Jang Young Kyun, Kim Donghyun
Meta Platforms (United States), Menlo Park, USA.
Korea University, Seoul, Republic of Korea.
Sci Rep. 2025 Jul 28;15(1):27463. doi: 10.1038/s41598-025-07798-6.
Composed Image Retrieval (CIR) retrieves a target image similar to a reference image, guided by a provided textual modification (i.e., a triplet with<reference image, text, target image>). Previous works on CIR can largely be developed into two categories: supervised learning approaches and weakly supervised (i.e., zero-shot) learning approaches. Supervised learning CIR models require labeled triplets which may not be easily obtained and limit the widespread use of CIR and its scalability.

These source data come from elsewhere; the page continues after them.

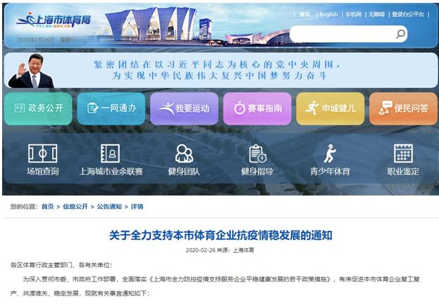 近日,上海市體育局發(fā)布《關于全力支持本市體育企業(yè)抗疫情穩(wěn)發(fā)展的通知》(以下簡稱“上海體育支持12條”),提出將通過促進相關政策落實、減免企業(yè)房屋租金 、給予賽事企業(yè)補貼等12項措施促進本市體育企業(yè)復工復產(chǎn)、共渡難關、穩(wěn)定發(fā)展。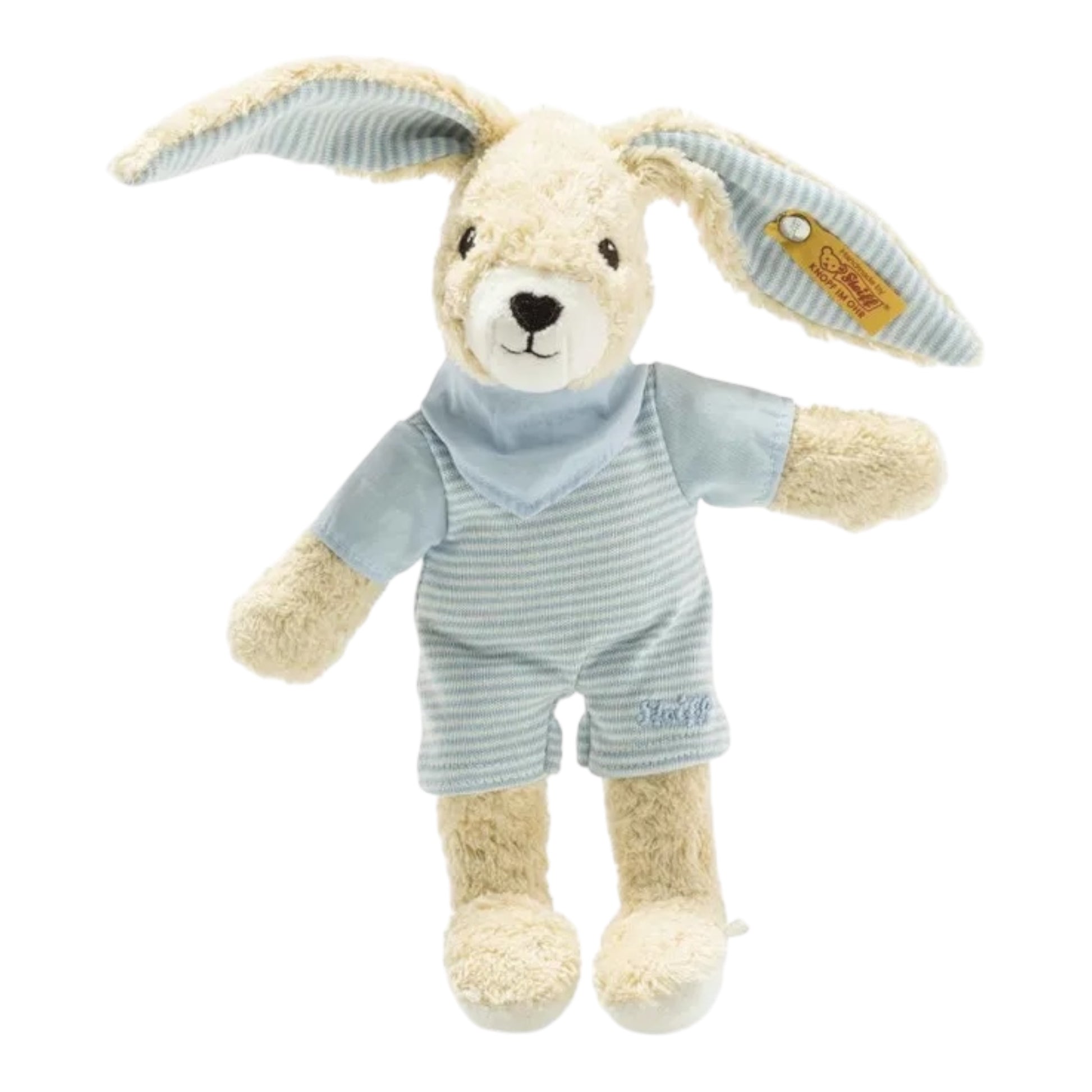 Beige Hoppel rabbit, pale blue stripe ears and matching suit
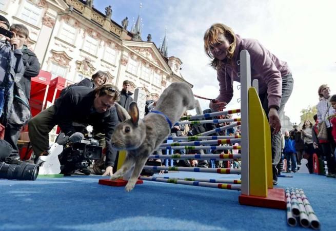 Praga, la corsa a ostacoli dei conigli pasquali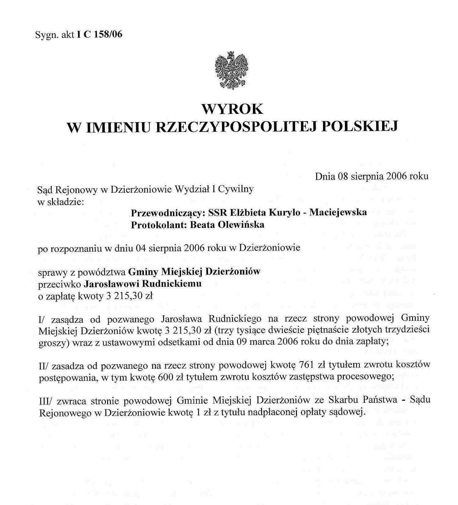 Sąd skazał na osiem miesięcy w zawieszeniu na dwa lata neurochirurga szpitala w Wałbrzychu, gdyż ten odesłał pacjenta z ciężkim urazem głowy do Dzierżoniowa. Wyrok usłyszał też były dyrektor szpitala w Dzierżoniowie. Został skazany na rok więzienia w zawieszeniu na dwa lata. Tam podczas operacji zgasło światło, a agregat prądu nie zadziałał. Lekarze w ciemnościach walczyli o życie pacjenta. Oświetlali pacjenta latarkami z telefonów komórkowych. Światła nie było przez kilkanaście minut. Minut, które dla operujących lekarzy były wiecznością.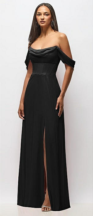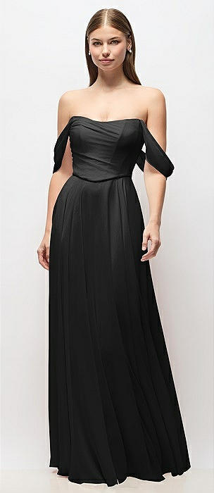 Off-the-Shoulder Basque Corset Chiffon Maxi Dress in black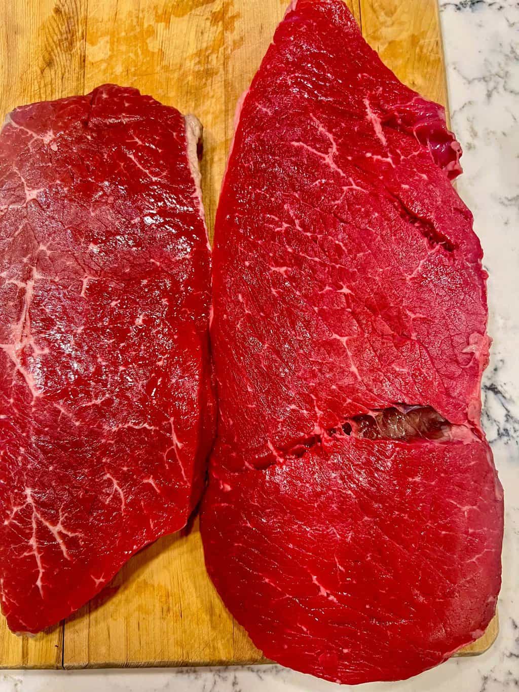 - Choose either top or bottom round steak.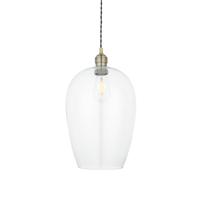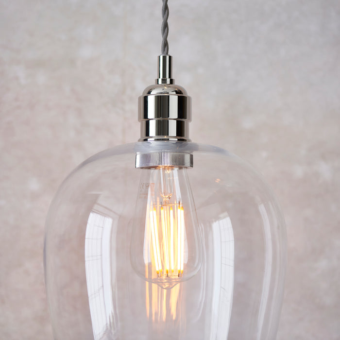 Jenner is a small collection of single glass pendants, with a rustic vintage touch lamp holder. Finished with twisted fabric cable. Finished with either Antique Brass or Polished Nickel lamp holders and ceiling rose.

On the other hand, a weakly supervised learning approach (also called zero-shot CIR), can be relatively easily trained with image-caption pairs without considering the image-to-image relation (i.e., no supervised triplet required), but this approach tends to yield lower accuracy. In this paper, we extend the application of existing Composed Image Retrieval (CIR) into semi-supervised learning, domain adaptation, and test-time adaptation contexts by exploiting only unlabeled image data. Previous approaches cannot be directly applied to these settings, as it is not trivial to leverage fully unlabeled data for CIR. To address this, we propose a new approach and settings where we identify a reference image and its associated target images in auxiliary image data. Our method involves training a large language model-based Visual Delta Generator (VDG) to produce textual descriptions of the visual differences (i.e., visual deltas) between these images. VDG, equipped with fluent language knowledge and being model agnostic, can generate pseudo-triplets to boost the performance of CIR models in diverse settings including semi-supervised CIR, domain adaptation, and test-time adaptation. Our approach significantly not only improves the existing supervised learning approaches and achieves state-of-the-art results on the CIR benchmarks but also expands the application of CIR across diverse settings.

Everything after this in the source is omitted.